▸ Problem details
Note the line containing "17:13 hs. Una"; from it through the last line below, give only those lines again, exactly, both ends included, skipping pictures.

▸ Source material
※

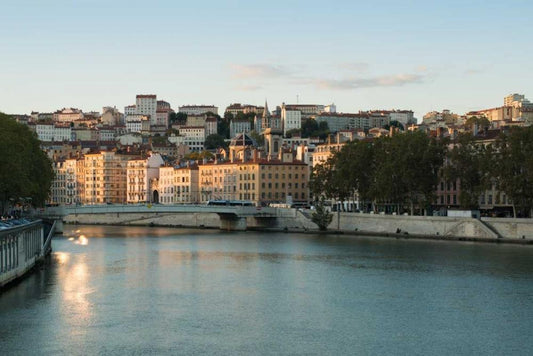 The Saone in Lyon I White Modern Wood Framed Art Print with Double Matting by Berzel, Erin
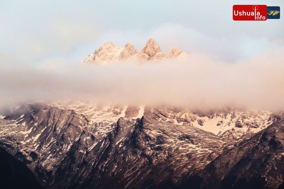 17:13 hs. Una nube atraviesa la silueta del Monte Cinco Hermanos - Un Instante en Ushuaia - Ushuaia-Info
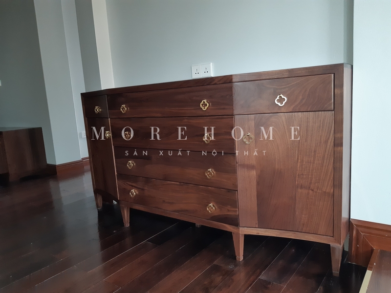 Một trong những điểm nổi bật là sự kết hợp giữa gỗ và kim loại, mang đến vẻ đẹp hiện đại nhưng vẫn giữ được nét ấm áp của thiên nhiên. Những thiết kế bàn ghế, kệ trang trí hay tủ quần áo không chỉ đơn thuần là vật dụng mà còn trở thành tác phẩm nghệ thuật, thể hiện phong cách sống của gia chủ.

※

▸ Completed exercise
 17:13 hs. Una nube atraviesa la silueta del Monte Cinco Hermanos - Un Instante en Ushuaia - Ushuaia-Info
 Một trong những điểm nổi bật là sự kết hợp giữa gỗ và kim loại, mang đến vẻ đẹp hiện đại nhưng vẫn giữ được nét ấm áp của thiên nhiên. Những thiết kế bàn ghế, kệ trang trí hay tủ quần áo không chỉ đơn thuần là vật dụng mà còn trở thành tác phẩm nghệ thuật, thể hiện phong cách sống của gia chủ.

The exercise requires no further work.